The main outputs of the new procedure are pressure and temperatures profiles along the depth of wellbore.

Geothermal temperature versus depth.

Heat transfer through each facility of the well completion.

Heat transfer through layers around the wellbore.

Kinetic energy, potential energy.

Contribution of changing the kinetic energy and potential energy for building the temperature profile.

Contribution of changing the hydrostatic gradient, acceleration gradient, and frictional gradient for building the pressure profile.

*Comparing measured data with calculated data*This could be for one of several purposes, such as evaluating “match parameters” which are difficult or impossible to measure, pipe roughness, or determining if a well is behaving the way it is expected to (i.e. to detect faulty components).*Monitoring work*such as predicting bottomhole pressure from measured surface pressure and flow rate.*Conducting a design work*where it is required to calculate the pressure and temperature drop in the wellbore such as: to determine the best diameter of the tubing and injection flow rate.

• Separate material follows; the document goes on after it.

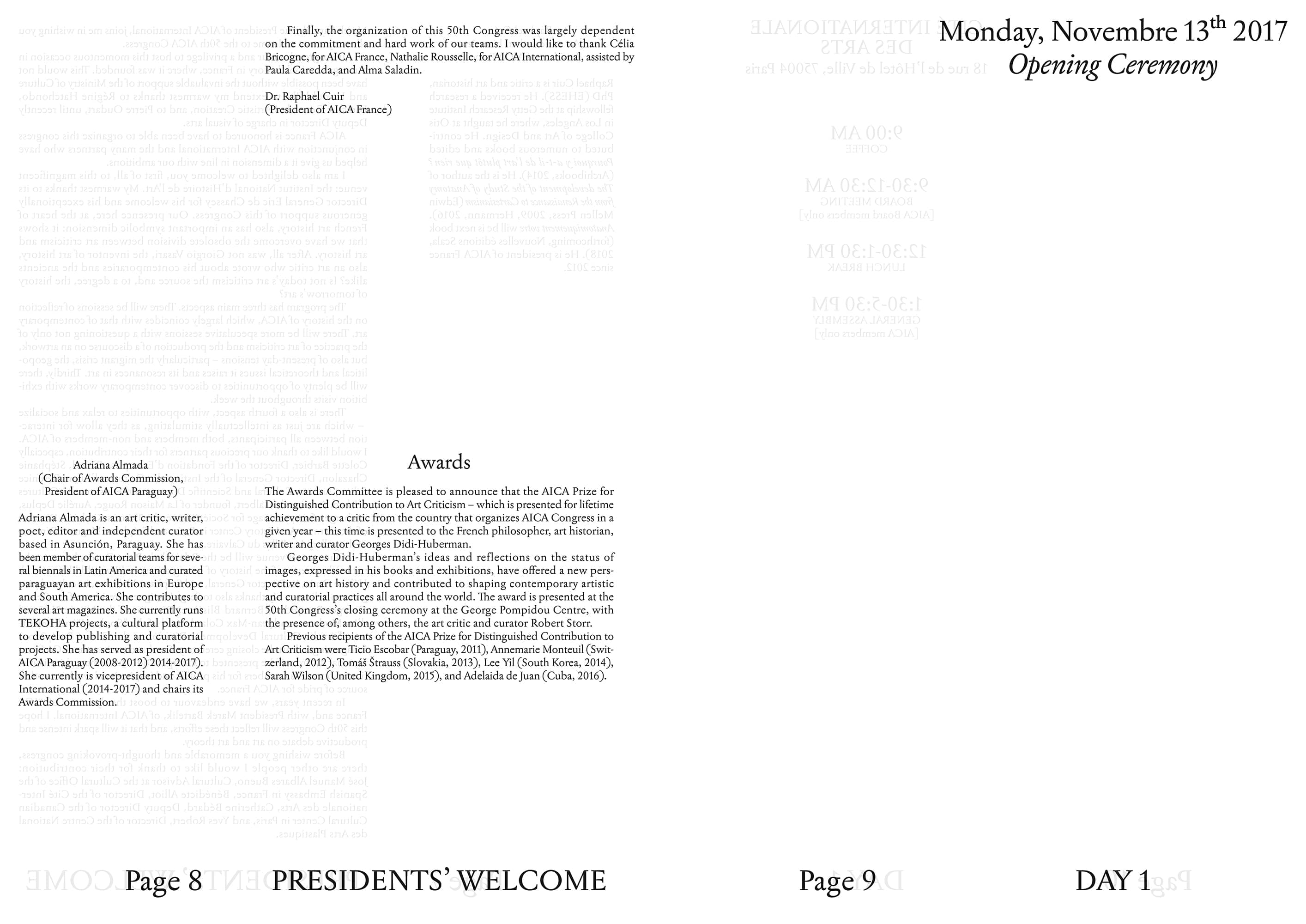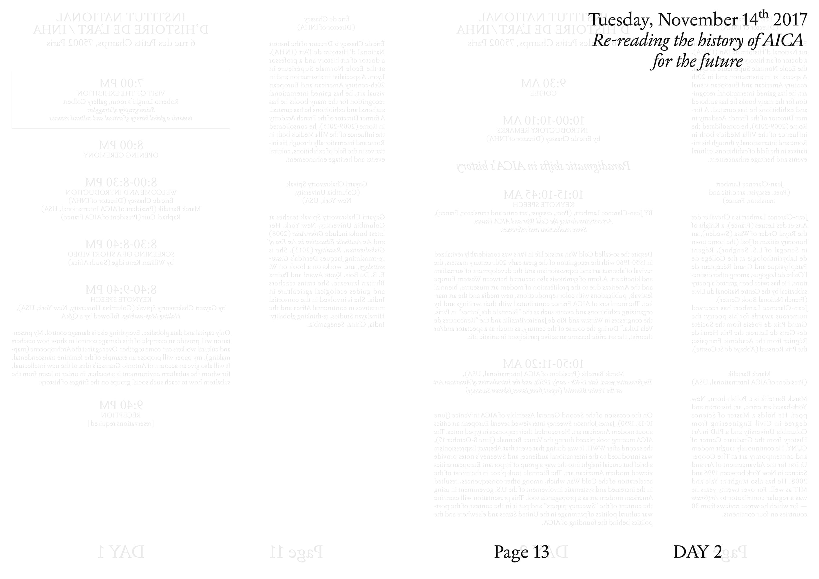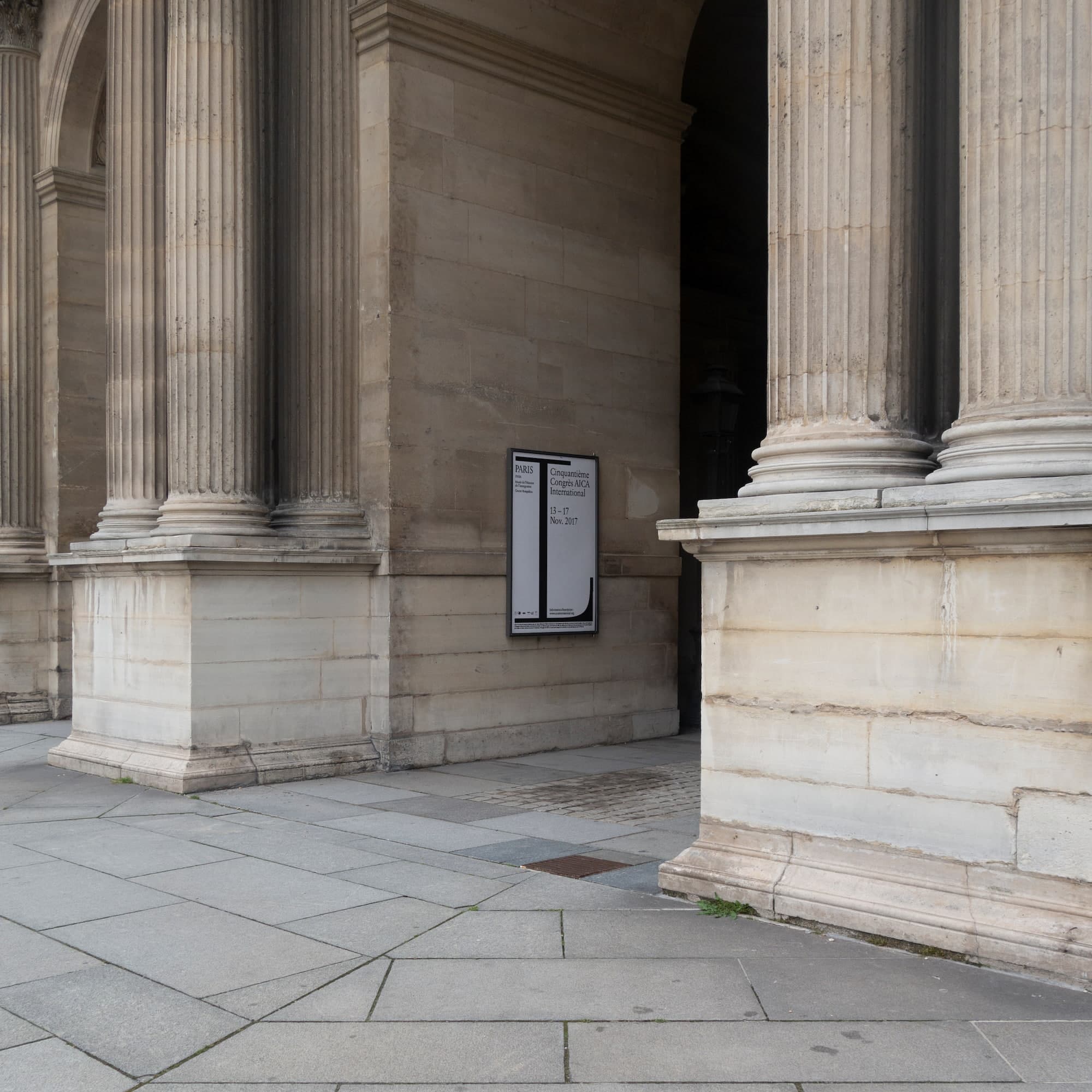 The (AICA) International Association of Art Critics Congress is an annual event for artists and art critics dedicated to dialogue and discussion around common matters. The 50th Congress that took place in Paris is identified by the letter “L” standing for 50 in Roman numerals. By its shape, the letter “L” naturally offers a space for expression and thus, the visual identity symbol became a vehicle for structuring the layout both for the event program and its poster.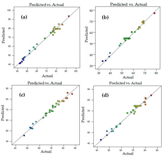 The predicted vs. actual value graphs for biodiesel yield depicts the fitness of the selected quadratic model. The graphs of predicted vs. actual values are shown in Figure 1, where Figure 1a–d describes the predicted vs. actual graphs based on experimental data about yield of biodiesel obtained through the transesterification of waste chicken fat oil by Fe3O4_PDA_Lipase (Figure 1a), Aspergillus terreus lipase (Figure 1b), sodium methoxide (Figure 1c) and KOH (Figure 1d). The distribution of the data along the straight line and the small difference between the predicted and actual value reveals the fitness of the quadratic model for all four experimental designs.

The coupled response from fluid movement in the wellbore to the reservoir is neglected that is the main limitation of the new workflow. This is important during early stage of production or injection as the fluid flows under unsteady conditions specially during well testing. To handle this issue, the new producer must be coupled to a reservoir simulator. Also it needs to add unsteady-state formulations to calculate the energy balance.

## Conclusions

The main output of this study is a non-isothermal wellbore simulator. This new simulator discretizes the wellbore to several segments and considers various thermodynamic properties and overall heat transfer coefficient for every segment. The ability of the new simulator to calculate its own overall heat transfer coefficient holds substantial benefit over commercial software packages. The validity of the new procedure and computer code has been examined in various scenarios against the results from the literatures and they agreed quite well with each other.